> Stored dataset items
+++

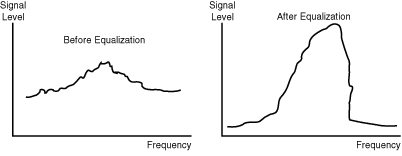 Recall from Chapter 33, "How to Add High-End Graphics," that the human eye is more sensitive to some colors than others and that high-end graphics systems compensate for this fact by boosting certain colors. Sound is no different. The ear is particularly sensitive to sounds between 2000 and 4000 Hz. Equalization (EQ) boosts the midrange frequencies that carry the desired information and cuts higher frequencies.
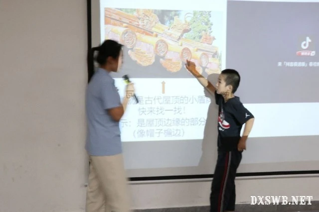 图为小朋友寻找古代屋顶上的四大神兽瓦当,开展知识考察互动。湖北工业大学 朱逸涵摄
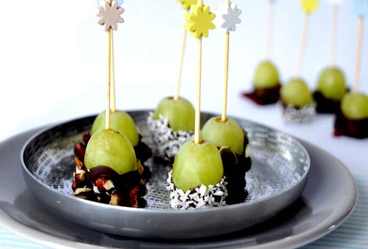 Nog een traktatie die je makkelijk samen met de kids kunt maken. De druivenpops dip je in de chocolade en maak je vervolgens af met één van de vele toppings. Van gedroogde cranberry’s tot geraspte kokos, het kan van alles zijn.
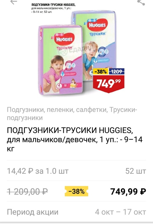 Спасибо! Как раз закончились подгузы и искала, где подешевле купить. В ДМ коробок нет в наличии по хорошей цене.
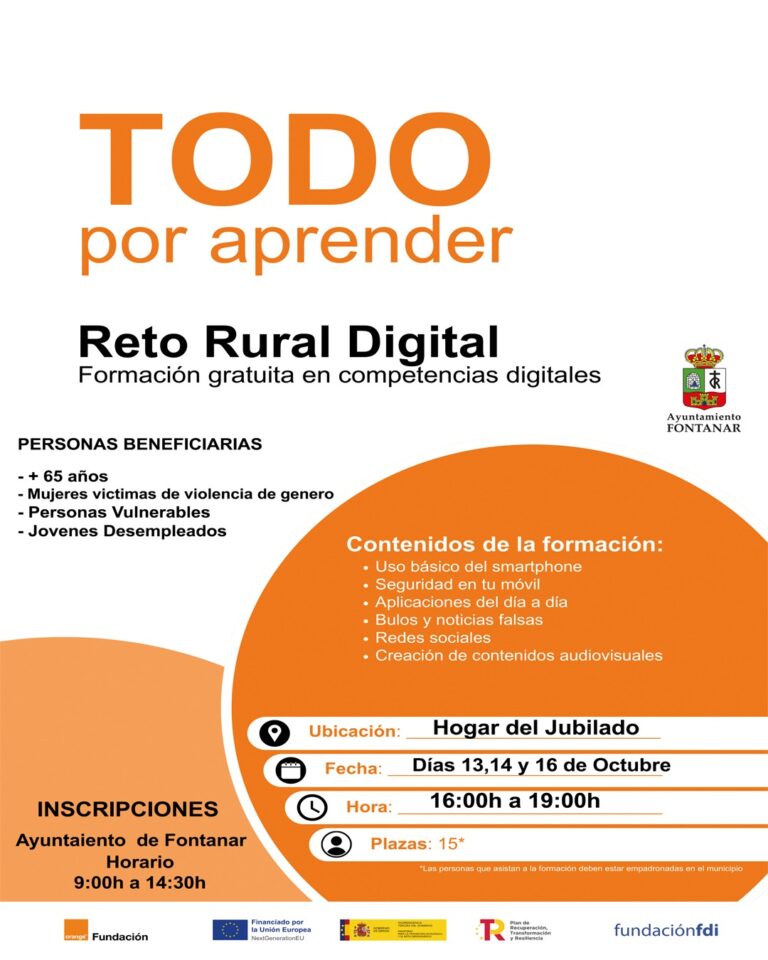 El curso, con plazas limitadas a 15 participantes empadronados en Fontanar, abordar谩 contenidos pr谩cticos como el uso b谩sico del smartphone, la seguridad en el m贸vil, el manejo de aplicaciones cotidianas y la identificaci贸n de bulos en internet. Con horario de 16:00 a 19:00 horas, esta acci贸n formativa busca facilitar el d铆a a d铆a y fomentar la inclusi贸n social en la era digital, gracias a la financiaci贸n de la Uni贸n Europea y la Fundaci贸n FDI.
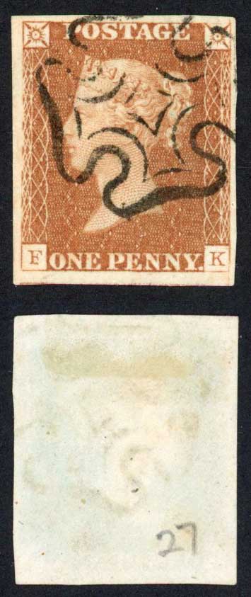 1841 Penny Red (EF) Plate 27 Fine Four Margins SUPERB SCOTTISH Cross
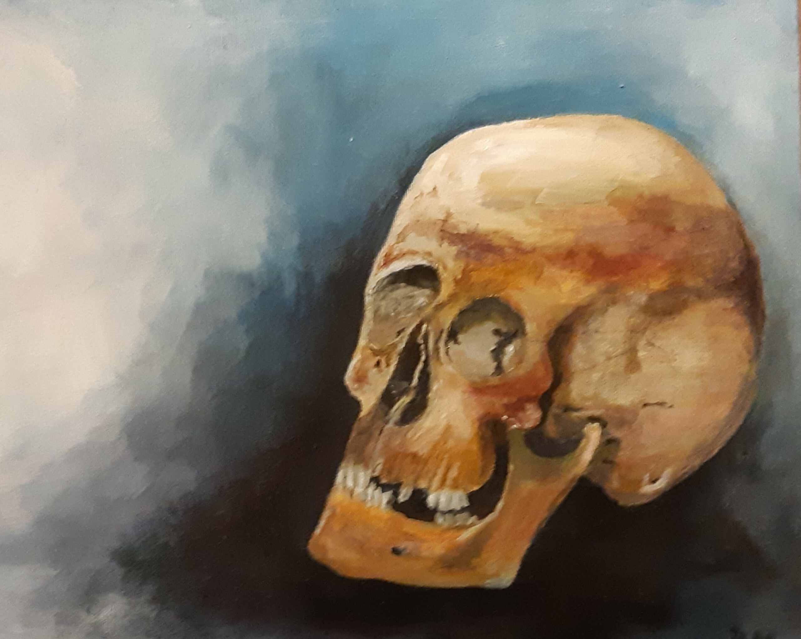 Schedel en profil Acrylverf

+++

Extract word for word every line from the line that contains "Спасибо! Как раз" to the final line of the data, both included, and nothing else; skip the pictures.

 Спасибо! Как раз закончились подгузы и искала, где подешевле купить. В ДМ коробок нет в наличии по хорошей цене.
 El curso, con plazas limitadas a 15 participantes empadronados en Fontanar, abordar谩 contenidos pr谩cticos como el uso b谩sico del smartphone, la seguridad en el m贸vil, el manejo de aplicaciones cotidianas y la identificaci贸n de bulos en internet. Con horario de 16:00 a 19:00 horas, esta acci贸n formativa busca facilitar el d铆a a d铆a y fomentar la inclusi贸n social en la era digital, gracias a la financiaci贸n de la Uni贸n Europea y la Fundaci贸n FDI.
 1841 Penny Red (EF) Plate 27 Fine Four Margins SUPERB SCOTTISH Cross
 Schedel en profil Acrylverf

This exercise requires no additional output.